Some of the more common causes of dementia are:

Alzheimer's disease (about 50%). Degeneration of the cerebral cortex, with cortical atrophy, neurofibrillary tangles, amyloid plaque formation and reduction in acetylcholine production from affected neurons.
Vascular dementia (about 25%). Brain damage due to cerebrovascular disease: either major stroke, multiple smaller unrecognised strokes (multi-infarct) or chronic changes in smaller vessels (subcortical dementia).
Dementia with Lewy bodies (DLB) (about 15%). Deposition of abnormal protein within neurons in the brain stem and neocortex.

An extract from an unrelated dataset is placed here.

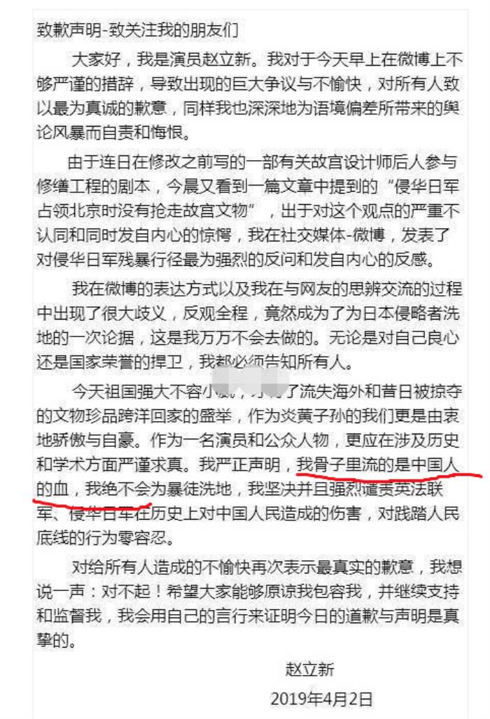 提及当年的侵华显然是很敏感的话题,但是他说得对还好,可他明显就是有些“亲日”,随后他就被紫光阁、共青团中央、中国反邪教齐齐点名,称“对本国以往历史,应该略有所知”。 3日凌晨,赵立新也知道事态发展严重,先是删掉原先的言论,随即发布长篇声明表达歉意。
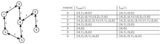 A naive approach to compute a 2-hop-cover labeling of a graph consists of executing twice a shortest-path algorithm that can be a Breadth First Search (BFS) in unweighted graphs or the Dijkstra’s algorithm in weighted ones, using as root each vertex , once forward (that is, in G), and once backward (that is, in ). In the forward case, when a vertex u is extracted from the queue, used by the shortest-path algorithm, with a priority of d, that is when a shortest path with weight d from the root v to u in G is found, then entry is added to . In the backward case, instead, entry is added to whenever vertex u is extracted from the queue and hence when a shortest path, with weight d, from the root v to u in , is found.

Frontotemporal dementia (less than 5%). Specific degeneration/atrophy of the frontal and temporal lobes of the brain. One type of frontotemporal dementia is Pick's disease, where protein tangles (Pick's bodies) are seen histologically.
Mixed dementia.
Parkinson's disease.
Potentially treatable dementias (fewer than 5%):
Substance misuse
Hypothyroidism
Space-occupying intracranial lesions
Normal pressure hydrocephalus
Syphilis
Vitamin B12 deficiency
Folate deficiency
Pellagra
Genetic causes of dementia such as familial autosomal dominant Alzheimer's disease.